Where am I going wrong? Even though Lebesgue measure on (0,1] is in fact a uniform probability measure, why is there a difference in the domains? If not, please clarify.
Best Answer
We have the standard Lebesgue measure $\mu$, that is defined on all Borel sets, and obeys translation invariance and interval-consistency (my name for $\mu((a,b])=b-a$ for all relevant intervals; you call it uniform in the comments) . Indeed there are $\mathfrak{c}$ many Borel sets on which this $\mu$ is then defined.
Independently of that we can define null sets as:
$A \in \mathscr{N}$ iff for every $\varepsilon >0$ we can find at most countably many open intervals $(a_n, b_n)$ such that $A \subseteq \bigcup (a_n, b_n)$ and $\sum_n |b_n - a_n| < \varepsilon$ and check that such subsets are closed under subsets and countable unions (they form a $\sigma$-ideal). There are $2^\mathfrak{c}$ many null sets (e.g. as the standard Cantor set is one and so are all of its subsets.)
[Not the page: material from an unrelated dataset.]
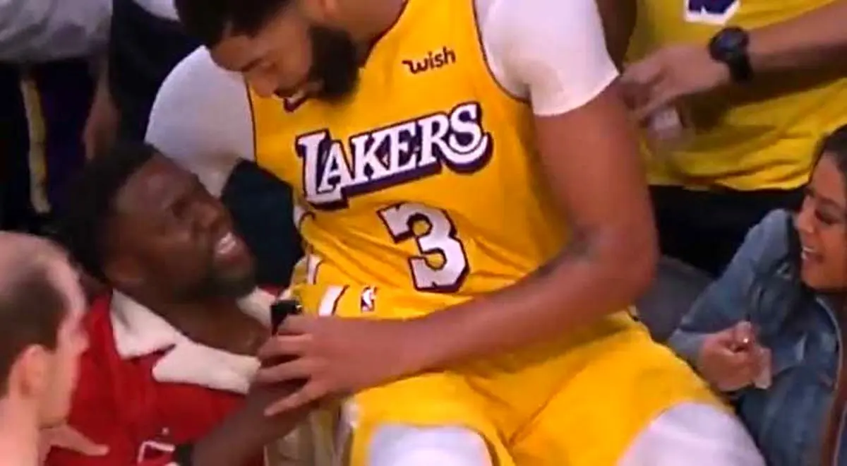 ویدیو| افتادن بازیکن بسکتبال روی بازیگر هالیوودی پارسینه: آنتونی دیویس بازیکن تیم لیکرز پس از پرتاب توپ روی کوین هارت سقوط کرد. کپی شد

It turns out we can extend $\mu$ to a measure on more subsets, namely take the collection of all sets of the form $B \cup N$ where $B$ is Borel, and $N$ is a null set and just define $\mu'(B \cup N) = \mu(B)$. One can prove that this is well-defined (e.g. if a Borel set happens to be a null set, $\mu$ was $0$ on it anyway, justifying the name) and greatly extends the domain of $\mu$, while keeping translation invariance.
The existence of a Vitali set (if we assume AC) shows that we cannot extend $\mu'$ even further to $\mathscr{P}(\mathbb{R})$ while keeping translation invariance intact. $\mu'$ is called the completion of $\mu$ and it's also obtained when we apply the Carathéodory theorem on the Lebesgue measure on the half-open interval algebra; we get (IIRC) the same class of Lebesgue measurable subsets.
It depends on your application whether you want to work with only Borel sets or all Lebesgue measurable sets. Mostly in analysis the latter is done; taking the larger domain.
If we give up translation invariance and so "neutralise" the Vitali set examples (whose proof of non-measurability hinges on this translation invariance property) there are still obstacles: under CH ($\mathfrak{c}=\aleph_1$) there can be no finite measure on $(0,1]$ that measures all subsets and that gives all singletons measure $0$ (much weaker than being uniform), as was shown by Ulam. So you could never define such a measure on all subsets without additional set-theoretic assumptions. See also real valued measurable cardinals etc. It gets complicated.